Chestnut (4 years) was neutered when he turned 7months. I don't know what he was like prior to living with me (he's a rescue) but his previous owners said he used to be really nasty and tearing furniture apart. Now all I know is that he's the loveliest amongst the trio and my personal favourite. He comes up to me for pets and loves it when I hug him :] 
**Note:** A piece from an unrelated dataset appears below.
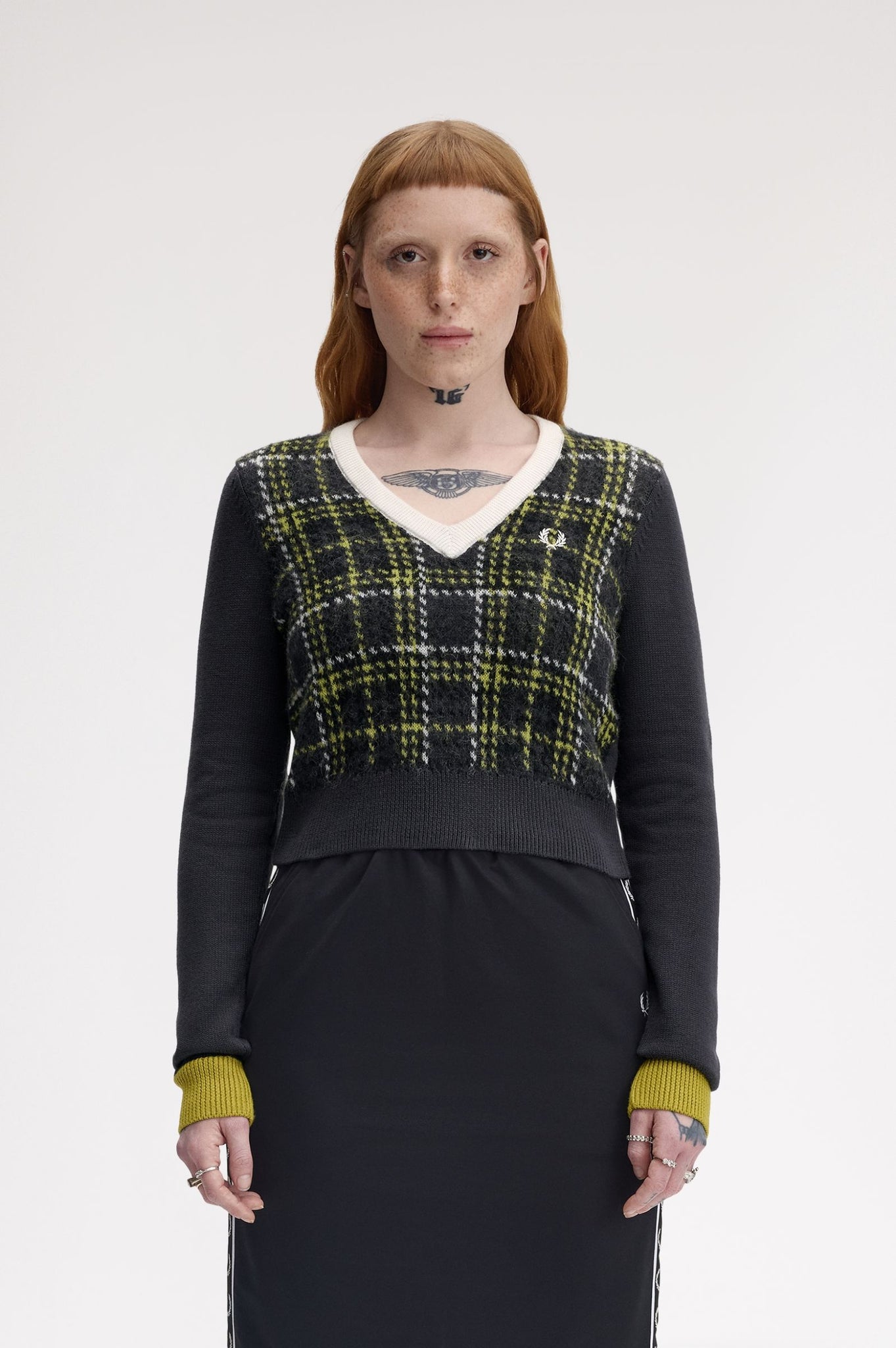 A cropped tartan jumper with contrast cuffs and a deep V neck.

Long story short, sterilization isn't a bad thing. In fact, rabbits are more prone to diseases and cancers if they're not sterilized. Whatever the outcome is, you're a good person and I'm sure your rabbits will appreciate what you do for them  all the best with your lovely girl an tell us how to goes :biggrin: x


----------



## LakeCondo (Mar 31, 2012)

According to what some report, neutering isn't the life-prolonging event that spaying is, so you can leave him intact if his behavior doesn't turn obsessive at puberty.


----------



## katnanw (Mar 31, 2012)

LakeCondo wrote:


> According to what some report, neutering isn't the life-prolonging event that spaying is, so you can leave him intact if his behavior doesn't turn obsessive at puberty.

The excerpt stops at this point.